Thought 11: QUESTION5: Maybe line 118 didn't really mean that the *mapping* is conceptual. Maybe it meant that the *entity* is conceptual. I.e., maybe it is a mapping to a "conceptual entity", rather than to any particular entity that corresponds to that mapping at any particular instant. This sounds like a much simpler interpretation. For example, the author of this document (David Booth) will change over time, because the person that I was when I was 5 years old is different than the person that I am now, and that person is different than the person that I will be 10 years from now. Nonetheless, they can all be considered the same conceptual person.

Or another example: the White House is not exactly the same building as it was 50 years ago, but the conceptual "White House" simultaneously refers to all instances of the White House over time.

And yet another example: this document is not the same as it was 20 minutes ago. But the concept of "this document" can refer to all versions of it, past and future.

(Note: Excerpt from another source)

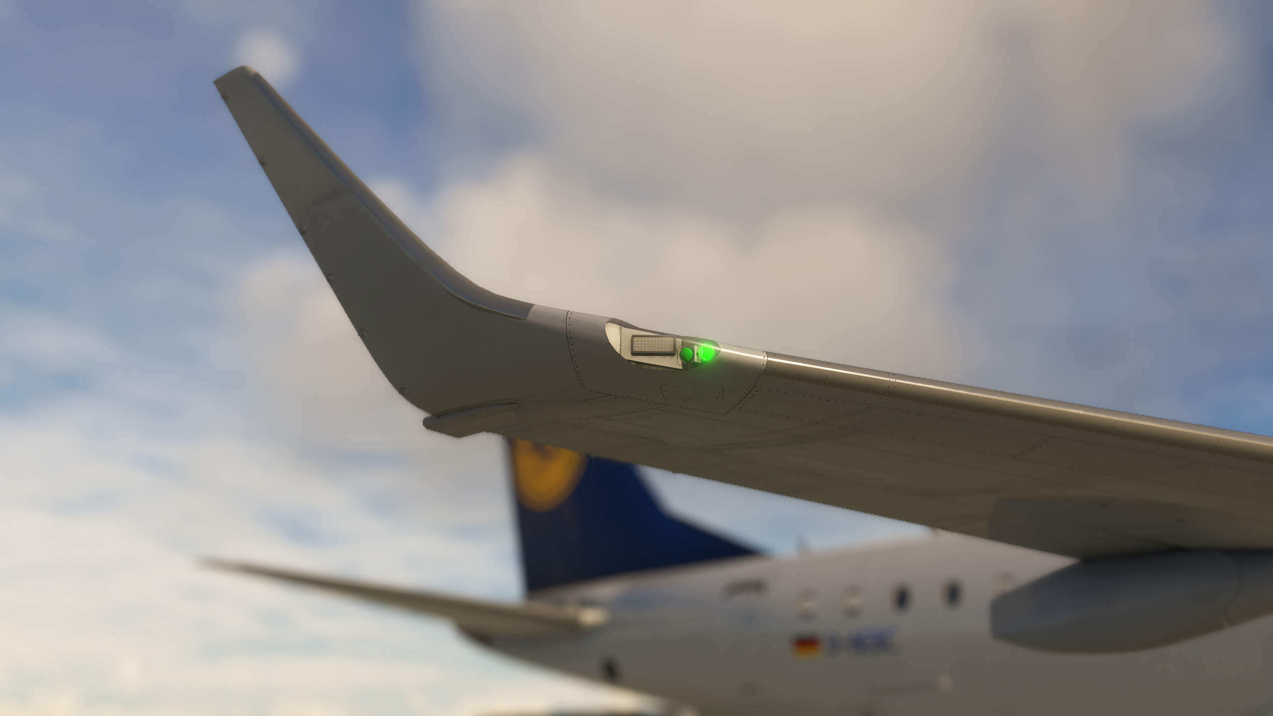 Wenn wir einen Blick ans Ende des Flügels wagen, sehen wir die Winglets, sowie die im Flügel integrierten Lichter. Wie am Rest des Außenmodells leistete das Team beste Arbeit.

Okay, so maybe lines 118-120 mean that a resource is a conceptual entity (which could abstractly represent physical things like "this author" or the "White House" or "this document"). If this interpretation is correct, then it sounds like a URI identifies a resource, and a resource is a conceptual entity (where "conceptual entity" includes abstractions of physical entities).

 120.          [...]  Thus, a resource

 121.          can remain constant even when its content---the entities to

 122.          which it currently corresponds---changes over time, provided

 123.          that the conceptual mapping is not changed in the process.

Thought 12: Okay, this makes sense according to the interpretation in Thought 11.

 125.       Identifier

 126.          An identifier is an object that can act as a reference to

 127.          something that has identity.  In the case of URI, the object is

 128.          a sequence of characters with a restricted syntax.

Thought 13: Good, I understand this. A URI is a particular kind of string that is used to identify a resource, which is a conceptual entity.

 130.    Having identified a resource, a system may perform a variety of

 131.    operations on the resource, as might be characterized by such words

 132.    as `access', `update', `replace', or `find attributes'.

Thought 14: Uh-oh. QUESTION6: How can a system perform operations on a conceptual entity? What if that resource is this author, David Booth? What if that resource is a particular concept of love? Those are things that can have identity (i.e., be referenced), can't they? I don't see how systems can be expected to perform operations on them. Perhaps line 130 meant that for *some* resources, a system can perform operations on the resource. Or perhaps lines 130-132 mean that only those things on which a system can perform operations should be considered resources. That last interpretation sounds weak to me, but *maybe* that's what's intended.

 134. 1.2. URI, URL, and URN

 135.

 136.    A URI can be further classified as a locator, a name, or both.  [...]

Thought 15: Great, I understand this too. "A locator" sounds very much like a "Web location" in my classification scheme. I'm not sure if "a name" in line 136 corresponds to my notion of a name though. I'll have to gather more evidence. If it does, then line 136 seems to be saying (in my classification scheme) that a URI could be both a name and a Web location. But I also know that a URI identifies a resource, which (if I've guessed right) is a conceptual entity. Therefore a name and a Web location can both identify a resource. Hmm, that's interesting.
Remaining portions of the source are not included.